We hear many stories about El Paso and the other border-crossing points in Texas, as we should. But the largest crossing point in the entire hemisphere, with tens of thousands of people waiting to cross over into the U.S. is in Tijuana, Mexico.

We don’t often hear about the families that face four to six months in Tijuana before they can even cross over into U.S. detention. We don’t hear that when their numbers are finally called, they cross over into a “hielera,” or “icebox.” We don’t hear that, even after they survive the hielera, they are most likely to be sent back to Mexico to await a distant court date in the U.S.

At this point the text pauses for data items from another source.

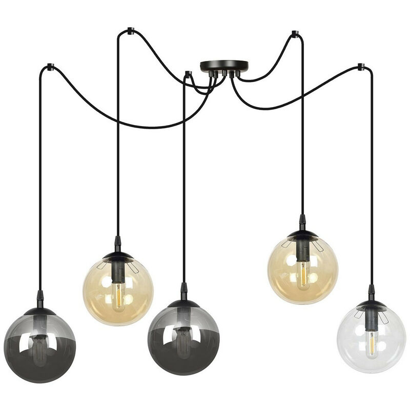 Emibig GIGI Plafoniera a sospensione a grappolo in vetro nero con paralumi in vetro trasparente, grafite e ambra, 5x E14 | Finitura: nero | Materiale: acciaio, paralume in vetro | Grado di protezione IP: IP20 | Altezza: 200 cm | Larghezza: 200 cm | Diametro paralume: 14 cm | Tipo di lampada: E14 | N. di lampade: 5 | Lampadina inclusa: non inclusa | Dimmerabile: Sì - Sono necessarie lampadine dimmerabili | Peso: 3,2 kg | Potenza (max): 40 W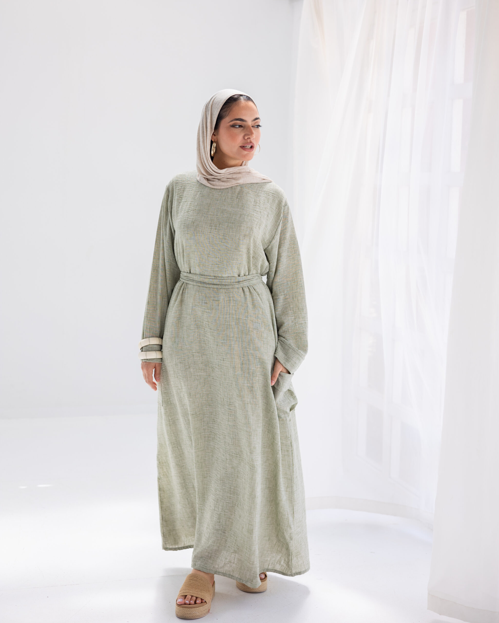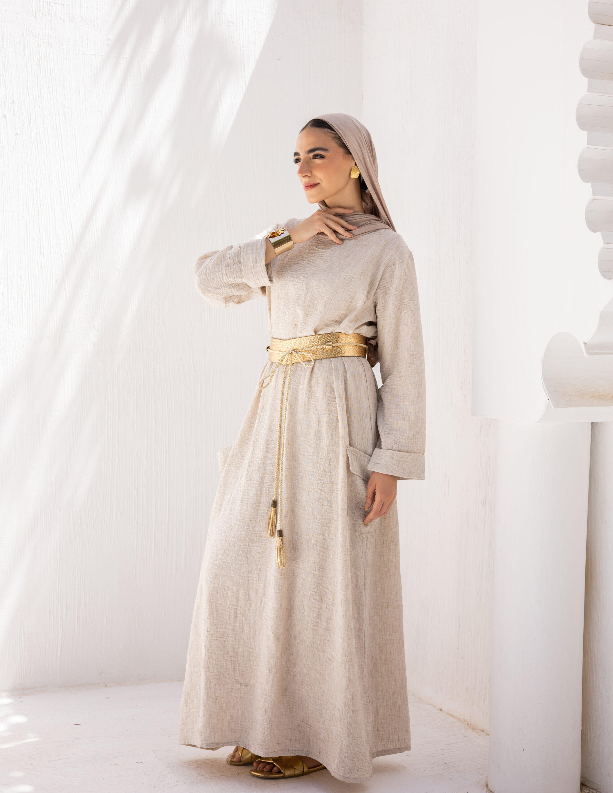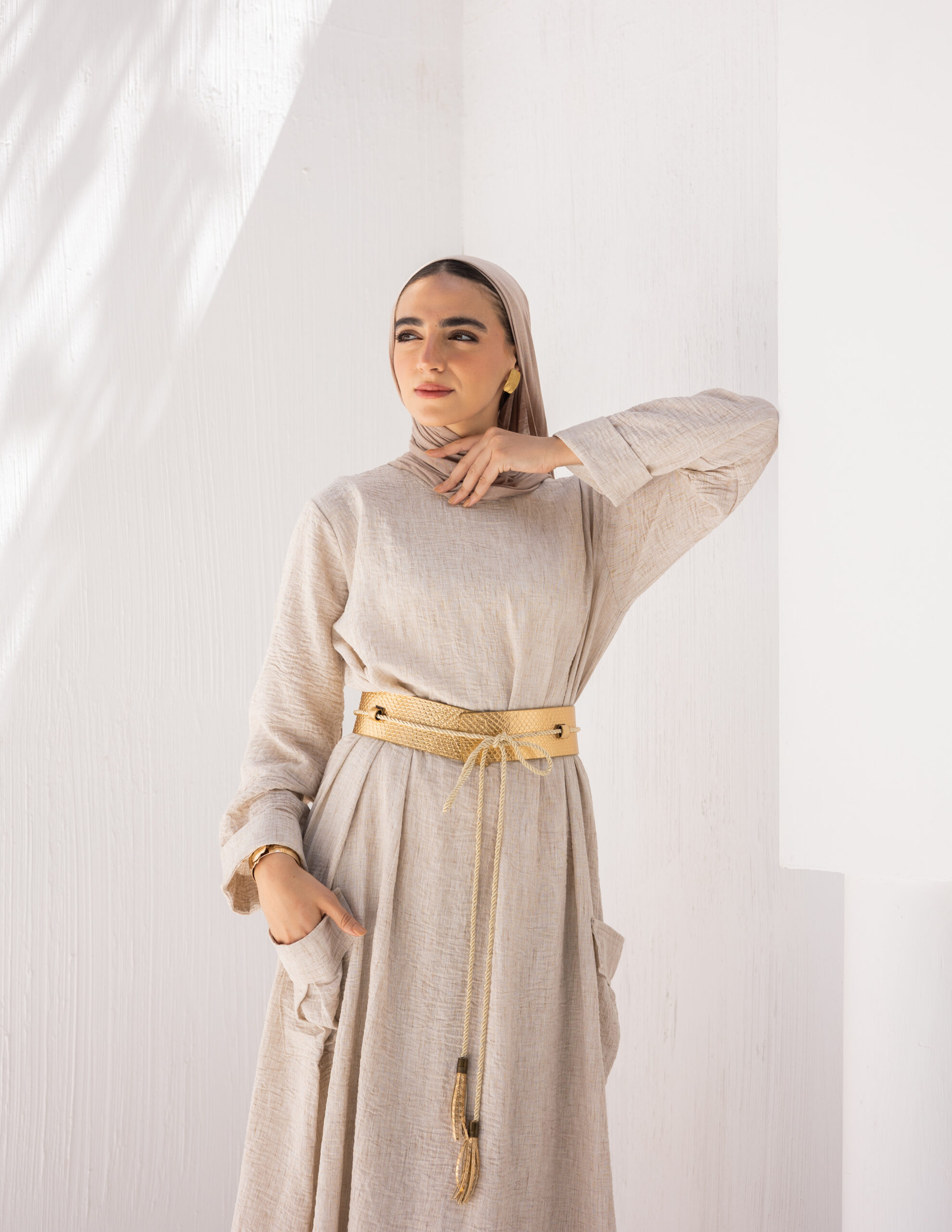 Minimal and versatile, this linen dress features deep patch pockets and an easy silhouette. A refined essential for graceful, grounded days.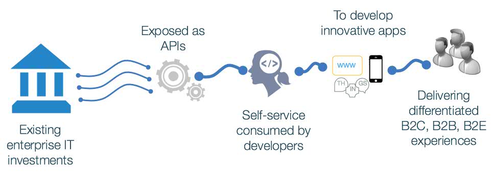 API 经济价值链始于将企业 IT 投资公开为 API,如下图所示。通过编目这些 API,您可以使用它们,例如,通过使用一个呈现 API 及其接口的自助服务门户。通过使用 API,您可以创建创新的应用程序,获得不同的体验。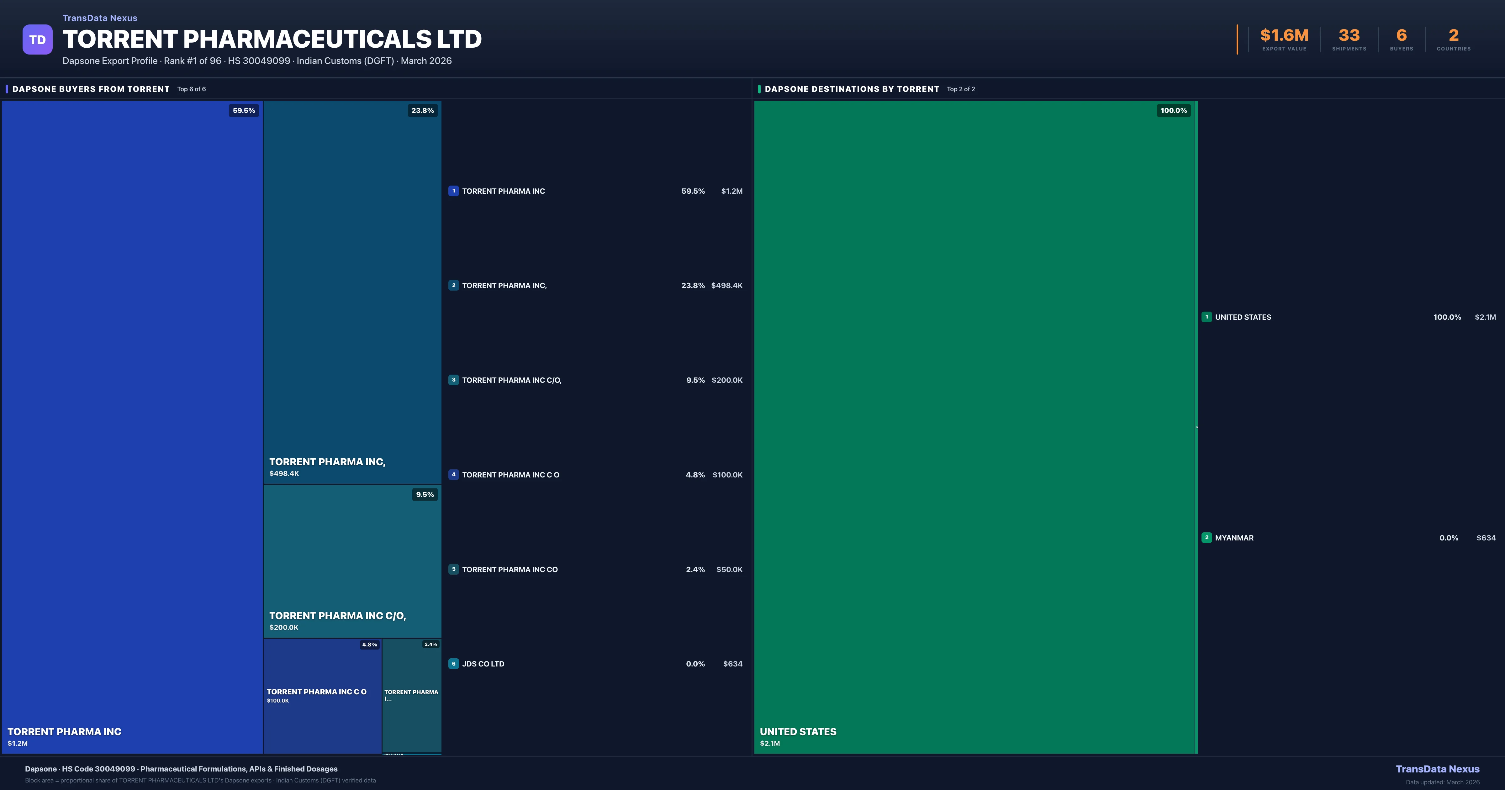Torrent Pharmaceuticals Ltd — Dapsone Export Profile: Buyers & Destinations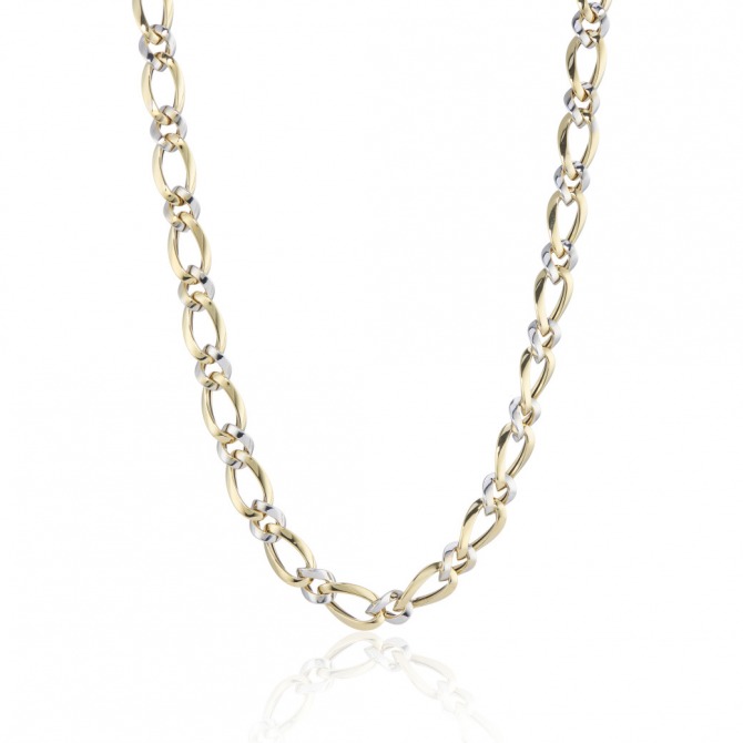 Experience timeless elegance with this stunning gold curb long chain necklace. Crafted with precision in 9ct white and yellow gold, each link glistens with a rich golden hue, making it the perfect accessory for any outfit.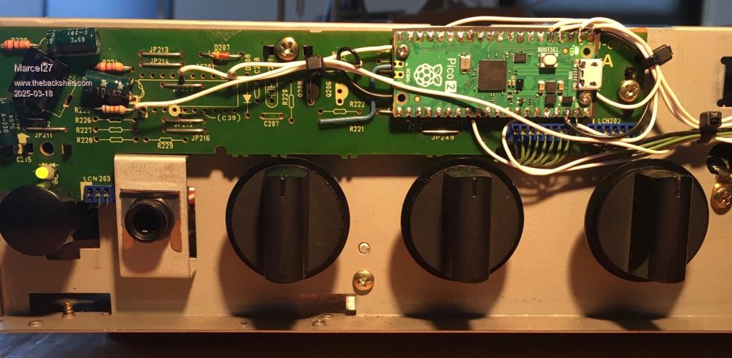 I would have liked to do the wire wrapping but decided against it because the pins were too long. Neatly built in. For me, good is good enough. I mounted the IR sensor on the original board, pin compatible, added the 180 kOhm to the senor output and ground to adjust the input voltage for the Pico 2. Added a diode in series with the +5V line to the VSYS input in case you connect an USB cable and added some jumpers to get signals at the right places. I discovered that when the amplifier is switched off there is still 5V on the Pico. So that thing is always thumping. |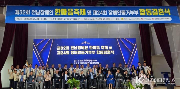 코리아타임뉴스 윤경수 기자 | 전라남도는 지난 9월 30일 영광스포티움국민체육센터에서 제32회 전남장애인한마음축제와 제24회 장애인동거부부 합동결혼식을 성황리에 개최했다고 밝혔다.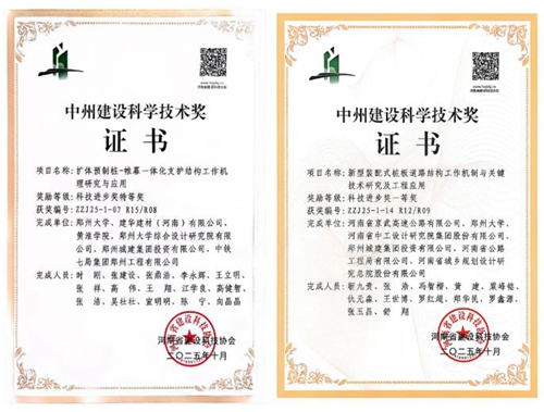 鄭州城建集團(tuán)的“擴(kuò)體預(yù)制樁—帷幕一體化支護(hù)結(jié)構(gòu)工作機(jī)理研究與應(yīng)用”與“新型裝配式樁板道路結(jié)構(gòu)工作機(jī)制與關(guān)鍵技術(shù)研究及工程應(yīng)用”兩項科研項目,分獲河南省“中州建設(shè)科學(xué)技術(shù)獎”特等獎和一等獎。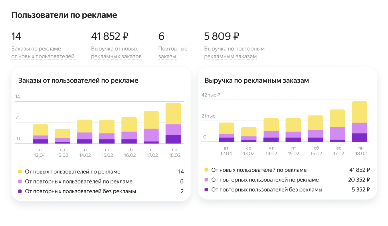 Новые пользователи — пользователи, которые впервые совершили заказ благодаря рекламе.

To understand how serious the situation is in Tijuana, one must first understand the procedural nonsense that the Trump administration has concocted. The entire process, from start to finish, is a nightmare for already traumatized asylum seekers fleeing horrific violence. After spending time at a migrant shelter in Tijuana, and with the Tijuana Border Rights Project, known as Al Otro Lado — advocates working to shepherd migrants through the asylum process there — I spoke with a number of migrants at many different stages in the process. Here are some of their experiences in trying to navigate the Trump administration’s asylum procedures.

Getting a Number

A migrant arrives after spending months on the road, coming from all over Latin America, not just the Northern Triangle countries (Guatemala, Honduras and El Salvador), to the Tijuana border. Those arriving from Latin American countries have probably heard about some amount of wait time in Tijuana after you get a number. I remember one lady, however, who arrived early in the morning after getting off a bus from elsewhere in Mexico. She had with her a small son, his suitcase, and a teddy bear. I asked the boy if he knew where he was going. He told me they were going to see his “tia” who lived “on the other side.” I didn’t have the heart to tell him how long he would be waiting to cross over. At that, his mother thought it would be only a matter of days. “They don’t keep children here for very long,” she said to me with assurance that could only have come from rumors spread along the route to Tijuana.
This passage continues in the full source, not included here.